▶ _WORK TASK_
Your answer must be the exact lines of the listing below that run from the line with "INFERIOR. Marcianopolis. Septimius" to the line with "Transform your outdoor", ends included, and no pictures.

▶ _SUPPLIED MATERIAL_

◇ ◇ ◇ ◇

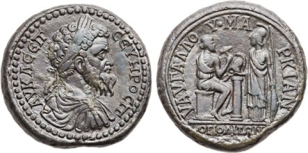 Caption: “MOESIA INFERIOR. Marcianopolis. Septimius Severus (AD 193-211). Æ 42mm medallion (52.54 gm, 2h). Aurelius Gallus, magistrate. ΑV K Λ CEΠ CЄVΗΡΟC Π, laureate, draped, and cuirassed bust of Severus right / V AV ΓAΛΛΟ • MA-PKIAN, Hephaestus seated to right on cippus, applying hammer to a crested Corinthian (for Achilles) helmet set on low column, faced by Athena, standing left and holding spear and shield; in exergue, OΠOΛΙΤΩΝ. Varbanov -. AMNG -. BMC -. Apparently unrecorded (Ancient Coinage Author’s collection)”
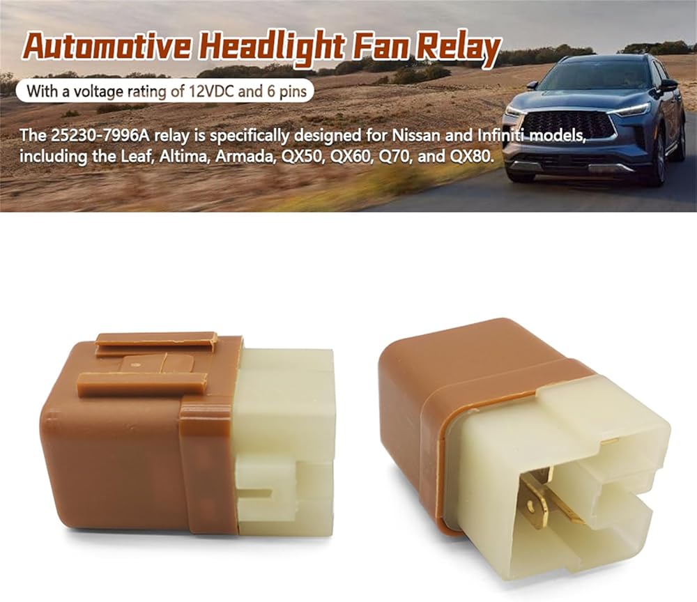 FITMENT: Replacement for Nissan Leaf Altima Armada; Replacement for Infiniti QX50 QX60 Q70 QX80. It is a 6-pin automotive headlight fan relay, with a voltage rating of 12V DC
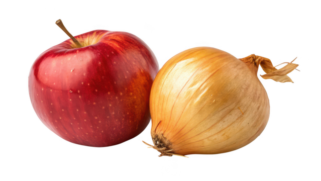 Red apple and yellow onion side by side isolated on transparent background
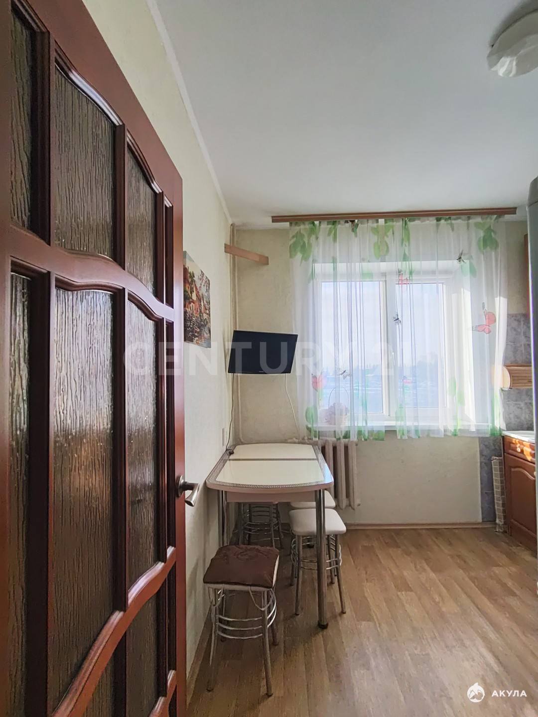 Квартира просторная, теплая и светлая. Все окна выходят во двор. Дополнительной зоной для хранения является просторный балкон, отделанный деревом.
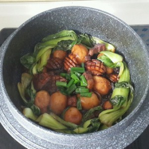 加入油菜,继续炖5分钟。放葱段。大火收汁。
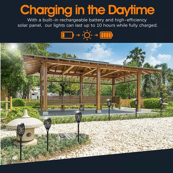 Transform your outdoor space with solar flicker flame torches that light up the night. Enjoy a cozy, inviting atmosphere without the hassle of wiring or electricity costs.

◇ ◇ ◇ ◇

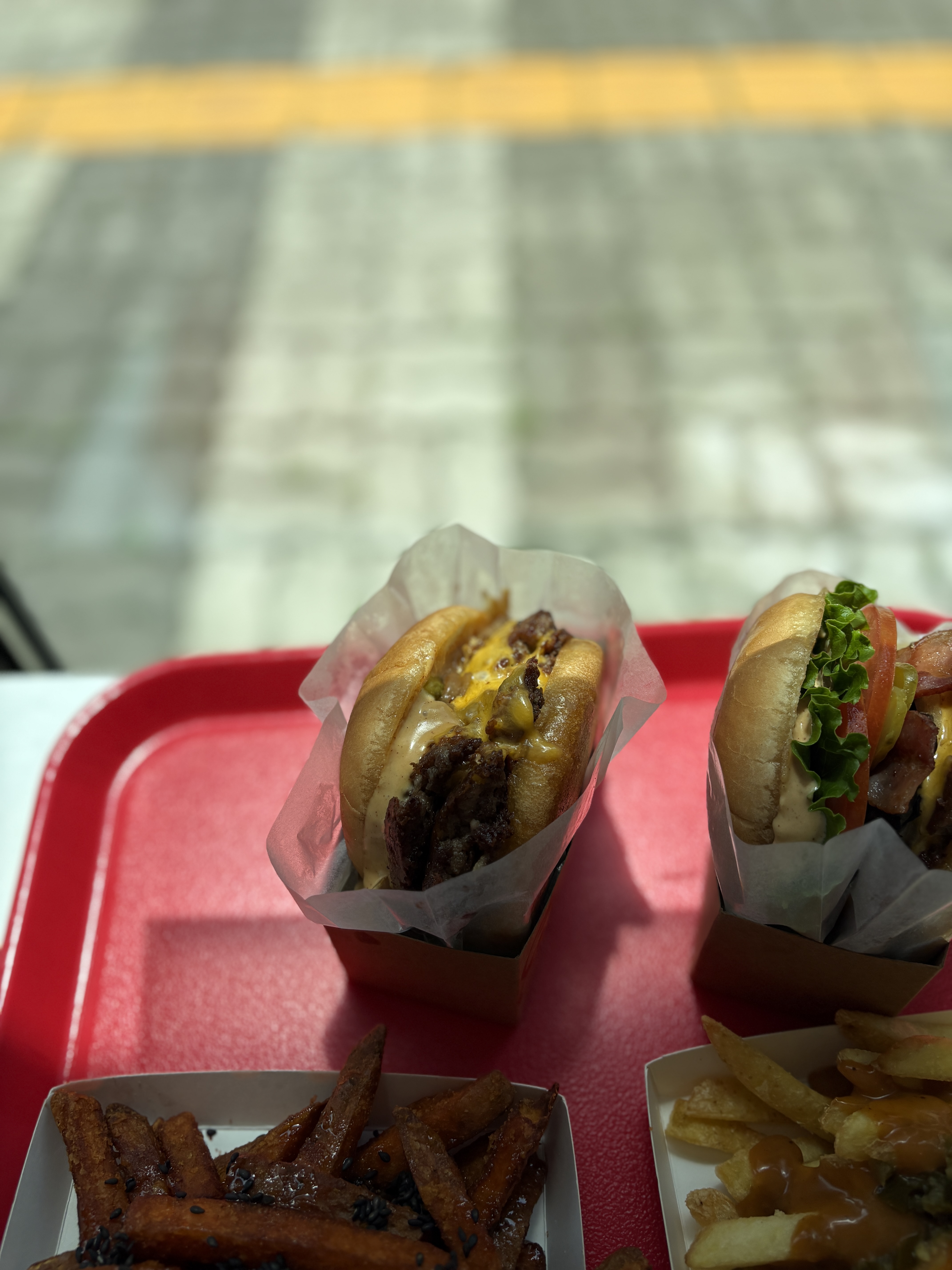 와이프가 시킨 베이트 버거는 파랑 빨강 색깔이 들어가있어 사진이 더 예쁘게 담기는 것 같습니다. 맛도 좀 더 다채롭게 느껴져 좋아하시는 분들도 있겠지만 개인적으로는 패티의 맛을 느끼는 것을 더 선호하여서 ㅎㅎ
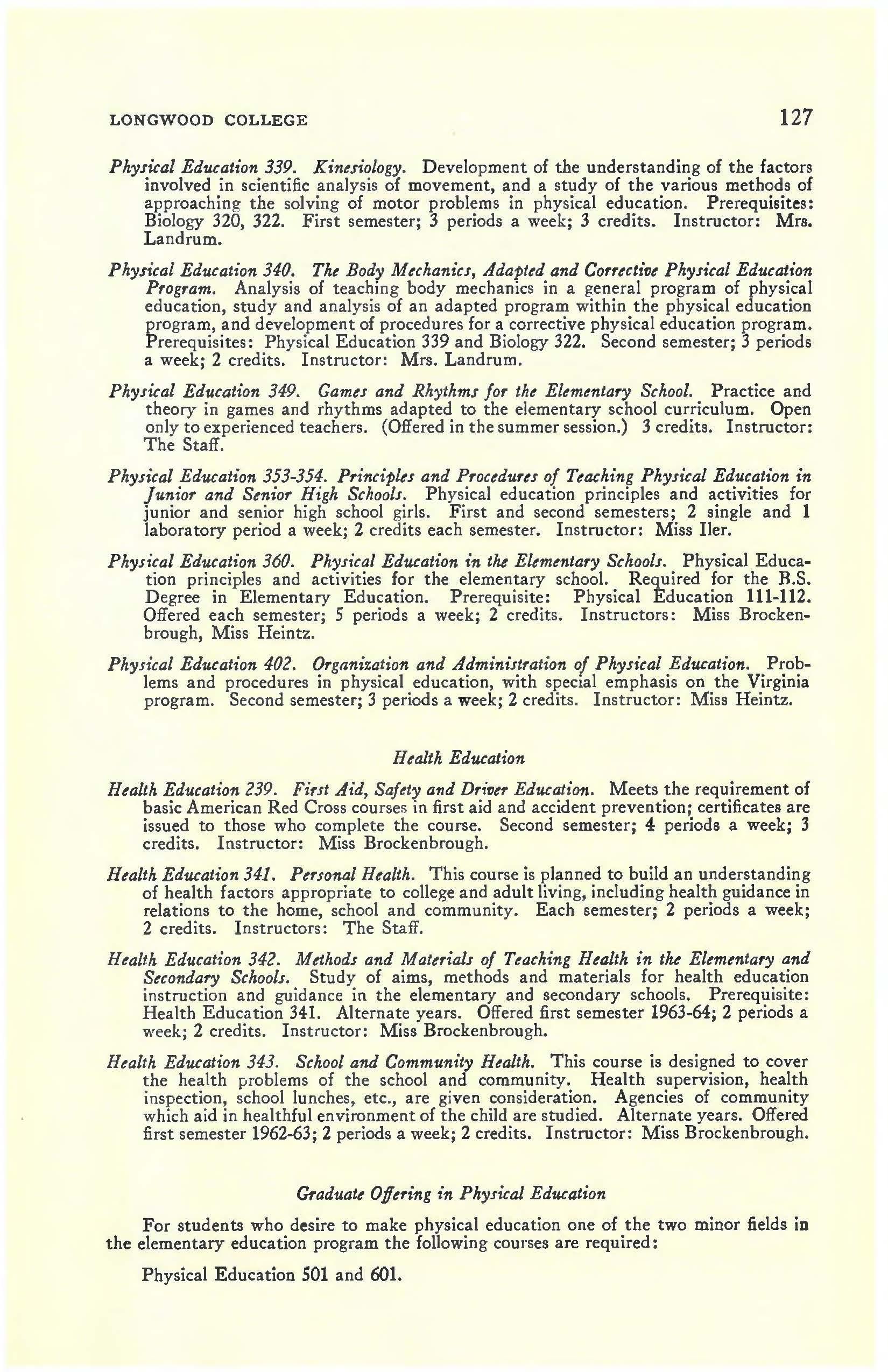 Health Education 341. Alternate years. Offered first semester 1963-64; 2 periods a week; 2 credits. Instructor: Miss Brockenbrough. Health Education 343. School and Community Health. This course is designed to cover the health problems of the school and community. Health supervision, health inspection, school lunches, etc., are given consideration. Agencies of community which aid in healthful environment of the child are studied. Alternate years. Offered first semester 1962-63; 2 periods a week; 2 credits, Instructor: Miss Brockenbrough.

◇ ◇ ◇ ◇

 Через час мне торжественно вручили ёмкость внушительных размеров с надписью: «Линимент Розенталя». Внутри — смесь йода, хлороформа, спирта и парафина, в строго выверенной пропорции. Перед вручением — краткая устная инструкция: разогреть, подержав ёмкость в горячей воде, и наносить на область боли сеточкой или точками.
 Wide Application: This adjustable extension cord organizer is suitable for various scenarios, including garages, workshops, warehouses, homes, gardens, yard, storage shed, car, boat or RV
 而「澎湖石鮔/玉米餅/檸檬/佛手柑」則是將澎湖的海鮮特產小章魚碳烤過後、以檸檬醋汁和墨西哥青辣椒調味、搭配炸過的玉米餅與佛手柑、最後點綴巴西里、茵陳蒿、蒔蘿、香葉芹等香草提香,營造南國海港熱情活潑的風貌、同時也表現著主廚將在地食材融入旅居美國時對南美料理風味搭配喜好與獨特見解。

◇ ◇ ◇ ◇

▶ _OUTPUT BELOW_
 Caption: “MOESIA INFERIOR. Marcianopolis. Septimius Severus (AD 193-211). Æ 42mm medallion (52.54 gm, 2h). Aurelius Gallus, magistrate. ΑV K Λ CEΠ CЄVΗΡΟC Π, laureate, draped, and cuirassed bust of Severus right / V AV ΓAΛΛΟ • MA-PKIAN, Hephaestus seated to right on cippus, applying hammer to a crested Corinthian (for Achilles) helmet set on low column, faced by Athena, standing left and holding spear and shield; in exergue, OΠOΛΙΤΩΝ. Varbanov -. AMNG -. BMC -. Apparently unrecorded (Ancient Coinage Author’s collection)”
 FITMENT: Replacement for Nissan Leaf Altima Armada; Replacement for Infiniti QX50 QX60 Q70 QX80. It is a 6-pin automotive headlight fan relay, with a voltage rating of 12V DC
 Red apple and yellow onion side by side isolated on transparent background
 Квартира просторная, теплая и светлая. Все окна выходят во двор. Дополнительной зоной для хранения является просторный балкон, отделанный деревом.
 加入油菜,继续炖5分钟。放葱段。大火收汁。
 Transform your outdoor space with solar flicker flame torches that light up the night. Enjoy a cozy, inviting atmosphere without the hassle of wiring or electricity costs.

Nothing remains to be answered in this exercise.